Question # 10: My husband took out a commercial loan for his business. Our house is in my name alone. The bank asked me to grant a mortgage on the home to secure the loan. My husband has defaulted on the business loan and the bank has commenced foreclosure on our house. I’m worried that we will lose our home.
Answer: False. Your mortgage of your own property was in fact a guarantee of your husband’s liability. Since the bank did not obtain a proper guarantee with a notarial certificate the mortgage given as collateral to the guarantee was also invalid. Guarantees, like all other parts of mortgage/foreclosure law are very tricky. If a guarantee is ever involved and been called on by the lender, don’t give up without having a foreclosure expert review the facts.
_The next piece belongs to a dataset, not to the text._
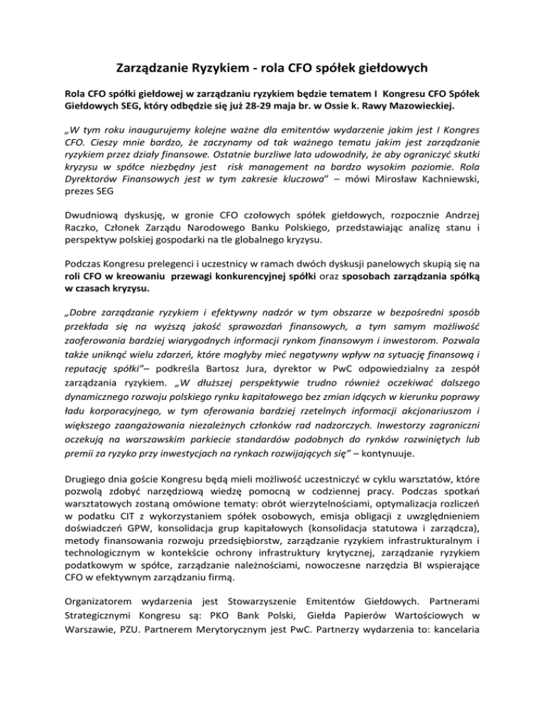 Zarządzanie Ryzykiem - rola CFO spółek giełdowych Rola CFO spółki giełdowej w zarządzaniu ryzykiem będzie tematem I Kongresu CFO Spółek Giełdowych SEG, który odbędzie się już 28-29 maja br. w Ossie k. Rawy Mazowieckiej. „W tym roku inaugurujemy kolejne ważne dla emitentów wydarzenie jakim jest I Kongres CFO. Cieszy mnie bardzo, że zaczynamy od tak ważnego tematu jakim jest zarządzanie ryzykiem przez działy finansowe. Ostatnie burzliwe lata udowodniły, że aby ograniczyć skutki kryzysu w spółce niezbędny jest risk management na bardzo wysokim poziomie. Rola Dyrektorów Finansowych jest w tym zakresie kluczowa” – mówi Mirosław Kachniewski, prezes SEG Dwudniową dyskusję, w gronie CFO czołowych spółek giełdowych, rozpocznie Andrzej Raczko, Członek Zarządu Narodowego Banku Polskiego, przedstawiając analizę stanu i perspektyw polskiej gospodarki na tle globalnego kryzysu. Podczas Kongresu prelegenci i uczestnicy w ramach dwóch dyskusji panelowych skupią się na roli CFO w kreowaniu przewagi konkurencyjnej spółki oraz sposobach zarządzania spółką w czasach kryzysu. „Dobre zarządzanie ryzykiem i efektywny nadzór w tym obszarze w bezpośredni sposób przekłada się na wyższą jakość sprawozdań finansowych, a tym samym możliwość zaoferowania bardziej wiarygodnych informacji rynkom finansowym i inwestorom. Pozwala także uniknąć wielu zdarzeń, które mogłyby mieć negatywny wpływ na sytuację finansową i reputację spółki”– podkreśla Bartosz Jura, dyrektor w PwC odpowiedzialny za zespół zarządzania ryzykiem. „W dłuższej perspektywie trudno również oczekiwać dalszego dynamicznego rozwoju polskiego rynku kapitałowego bez zmian idących w kierunku poprawy ładu korporacyjnego, w tym oferowania bardziej rzetelnych informacji akcjonariuszom i większego zaangażowania niezależnych członków rad nadzorczych. Inwestorzy zagraniczni oczekują na warszawskim parkiecie standardów podobnych do rynków rozwiniętych lub premii za ryzyko przy inwestycjach na rynkach rozwijających się” – kontynuuje. Drugiego dnia goście Kongresu będą mieli możliwość uczestniczyć w cyklu warsztatów, które pozwolą zdobyć narzędziową wiedzę pomocną w codziennej pracy. Podczas spotkań warsztatowych zostaną omówione tematy: obrót wierzytelnościami, optymalizacja rozliczeń w podatku CIT z wykorzystaniem spółek osobowych, emisja obligacji z uwzględnieniem doświadczeń GPW, konsolidacja grup kapitałowych (konsolidacja statutowa i zarządcza), metody finansowania rozwoju przedsiębiorstw, zarządzanie ryzykiem infrastrukturalnym i technologicznym w kontekście ochrony infrastruktury krytycznej, zarządzanie ryzykiem podatkowym w spółce, zarządzanie należnościami, nowoczesne narzędzia BI wspierające CFO w efektywnym zarządzaniu firmą. Organizatorem wydarzenia jest Stowarzyszenie Emitentów Giełdowych. Partnerami Strategicznymi Kongresu są: PKO Bank Polski, Giełda Papierów Wartościowych w Warszawie, PZU. Partnerem Merytorycznym jest PwC. Partnerzy wydarzenia to: kancelaria prawna Hogan Lovells, Grupa Kapitałowa PGNiG, Solver, Oracle i Standard & Poor's Rating Services. Udział w Kongresie jest bezpłatny. Kongres przeznaczony jest dla przedstawicieli spółek giełdowych. Więcej informacji na stronie www.seg.org.pl

Question # 11: I just finished buying my first investment property. Very exciting! However, two weeks after closing, a very official looking document on pink legal size paper was delivered to my mailing address. That document was a “caveat” and it said that my lender was forbidding the registration of anything else against the title. My know-it-all brother says this is normal, but I don’t believe him.
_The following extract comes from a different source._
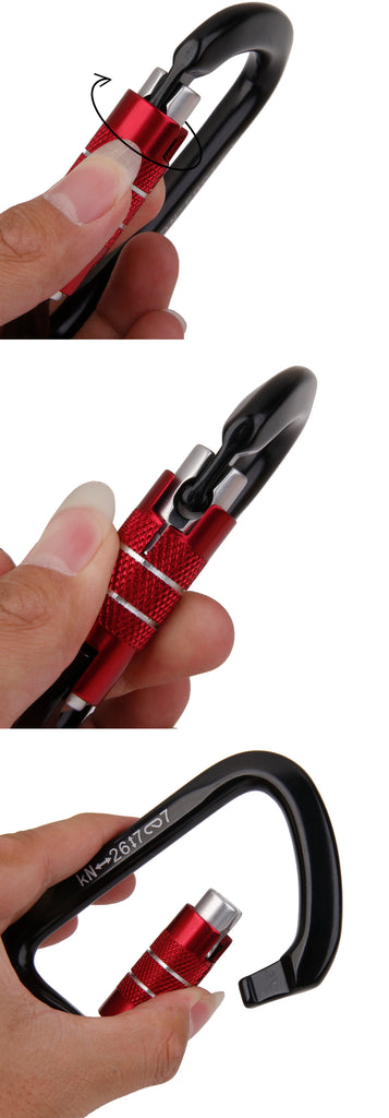 Maxbell Self Locking Mountaineering Climbing Carabiner 26KN - Black Red

Answer: True. Most lenders take both a mortgage and an assignment of rents as security for the loan. The assignment of rents can only be registered against your title by way of caveat. Whenever any caveat is registered for any reason, the Land Titles Office sends a copy to the owner at their address on title. The assignment of rents says that if you are collecting rent and not making your mortgage payment the lender can use the assignment of rents to have your tenant pay the rent directly to the lender and not to you. The assignment of rents is standard lender security and does not prevent you from dealing with your property.
Question # 12: I lost my job and the lender has started to foreclose on my two investment properties. Fortunately there is lots of equity in both properties, but the legal paperwork says that they are trying to take over the properties immediately. Also I’ve heard that the legal costs could be $20,000.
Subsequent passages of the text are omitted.